Now for the big follow up question. Have you ever been tempted to say something to someone you were sure was also trans?
I certainly wouldn't ever say something that outed them. But I almost wish we all had a special code word, just so we could secretly offer support for each other.
For example, I was in Walmart the other day with my wife. While we were in line at the check out I was observing the woman in front of us. She shared many of the physical characteristics of a MTF transwoman. She was tall, broad shouldered, and had large hands and feet. But at the same time she was completely passable as a CIS woman. So for a few moments I was just wondering "is she or isn't she?" But as I noticed a lack of self-confidence in her posture and demeanor and listened to her whispered voice the scales shifted in my head towards "probably trans".

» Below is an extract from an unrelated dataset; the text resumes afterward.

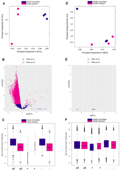 DiffBind analysis of called peaks of H3K27 acetylation ChIP-Seq analysis in delayed versus immediately processed blood-derived CD4+ T-cells of atopic and healthy subjects. (A) PCA plot showing the distance between samples based on the called peaks of delayed vs. immediate (atopic) comparison. (B) Volcano plot showing the differentially called peaks of the previous comparison (significance cut-off at FDR < 0.1). (C) Box plots of read distributions for significantly differentially called peaks of the previous comparison (binding affinity) for all sites (all), sites with increased affinity in the atopic delayed (+), and sites with increased affinity the atopic immediate (−) condition. (D–F) This is the same as the previous description for delayed vs. immediate (healthy) comparison.

I wanted to say something to her. Something to comfort her and let her know I thought she looked fab. But what could I say? I mean my wife and the cashier were right there and I was in male-mode. My hesitation and fear over creating an awkward moment ended up making the decision for me. I just watched as she paid for and collected her groceries and then walked away--and the opportunity to say something went out the door with her.
As I think back, it would have been nice if I could have said something like:
"Excuse me miss... I may be a
dinklehead for saying this in front of my wife, but I just wanted to say that you look fabulous!"
And maybe my use of a code word like 'dinklehead' would have keyed off to her that I am trans too. And if I was wrong, and she was a CIS woman, then she may have given me a puzzled glance and a shy "thank you" before heading off--at which point I may also have some explaining to do to my wife.
Here's another example. There's a couple people at work that I think may be trans (we have hundreds of employees in our office and my employer is pro trans rights, so it isn't a stretch). Anyway, I kinda wish there was a code word or phrase I could use in conversations to identify myself as trans to them. If they aren't trans then they just wouldn't pick up on it, but if they are... well, at least they'd know I am too. At which point they could choose to approach me and say "Hey
dinklehead, let's go to lunch some time."
I know it's just wishful thinking on my part. But it would be nice to be able to say something and make that instant connection.